Regex is a shortened name for “Regular Expression.” Regexes have been around a long time, but it’s still a fairly arcane art (meaning not many people know how to really use it) despite how widespread it’s use is. I will be barely touching the surface in this short article, the subject is very broad. I will supply a few helpful links at the end of this article to help you if you need more explanation.

Mostly, I want to give you just enough explanation to use regexes in this plugin.

Let’s say you have a form where you are collecting a user’s phone number, and you want to make sure they put it in in the right format. This is a very simple task for a regex, but it will get us started on explaining how they work and how to create one. The phone number must be like this example: 012-224-2334 x214 The extension is optional, and can be 1-4 numerals long.

Delimiters

First, every regex must have delimiters. These are a character that tells the regex interpreter where the regex ends. The requirements are:

  • it must be the first character
  • it can be any non-alphanumeric, non-backslash, non-whitespace character
  • it must not be used in the expression (unless escaped)
  • it must be the last character
  • common choices are: /#|

In the example above /yes/ the / is the delimiter. The regex #yes# will work exactly the same.

What kind of character?

One of the main features of regular expressions is something called “character classes” which is a way of defining which characters you want to look at. There are several ways to represent character classes, but for our purposes, I will use the bracket form, which I think easiest for beginners. If you need a character to be an alphanumeric, the bracket form for that is [a-zA-Z0-9]. This means: lowercase characters from a though z, uppercase A to Z and numerals from 0 through 9. If you need it to be a numeral, you can use [0-9].

How many characters?

Once you’ve specified what kind of character you’re looking for, you can specify how many of them is acceptable. You can say 0 or more with an * or you could say 1 or more with a + For our purposes, we need to say exactly how many are wanted, and for that you use a numeric range: {} This can be used to specify a range of acceptable numbers of characters, for instance: {1,3} for a minimum of one and a maximum of 3 characters. If you just want a specific number of characters, you just use the one number: {3}

Literal characters

If you are looking for a specific character in the data, you just use that character in the expression. If it happens to be a “metacharacter” $^*.+|\?(){}[] you’ll need to escape it with a backslash so it will be treated as a plain character, not as having an operational meaning in the expression.

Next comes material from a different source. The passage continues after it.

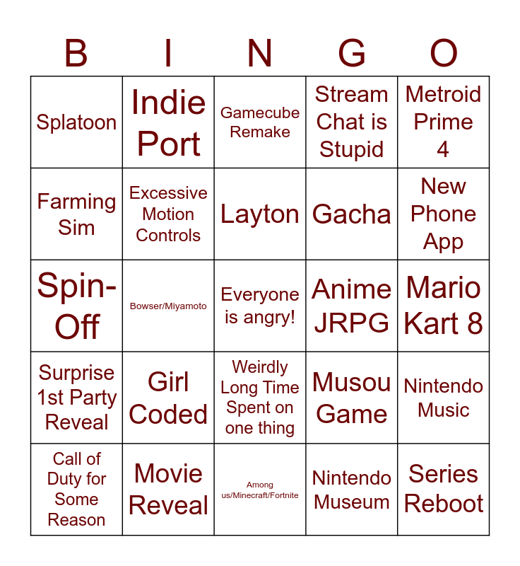 This bingo card has a free space and 24 words: Girl Coded, Movie Reveal, Layton, Call of Duty for Some Reason, Metroid Prime 4, Splatoon, Farming Sim, Indie Port, Anime JRPG, Weirdly Long Time Spent on one thing, Gacha, Spin-Off, Musou Game, Nintendo Music, Excessive Motion Controls, Nintendo Museum, Mario Kart 8, Gamecube Remake, New Phone App, Bowser/Miyamoto, Series Reboot, Surprise 1st Party Reveal, Stream Chat is Stupid and Among us/Minecraft/Fortnite.

Putting Our Example Together

These are the four main ingredients of our regex expression, so having explained those, we can start assembling our regex. This is a simple example. First, we have what must be a group of three numerals, so we use this:

[0-9]{3}

That means “3 and only 3 characters in the range 0-9.” After that, we need to see a dash, which will be in there as a literal character. Following that, we have another group of three, etc. You get the idea:

[0-9]{3}-[0-9]{3}-[0-9]{4}

Now, we have the extension, and this part is optional. We do that by creating a “capturing group” which is set off with parentheses. We follow the matching group with a question mark, indicating that the whole group is optional.

( ?x[0-9]{1,4})?

At the beginning of the group, we have  ?x which is how we match the “x” character with the possibility that there is a space in front of it. The space and the x are literals, and the question mark is saying the space is optional.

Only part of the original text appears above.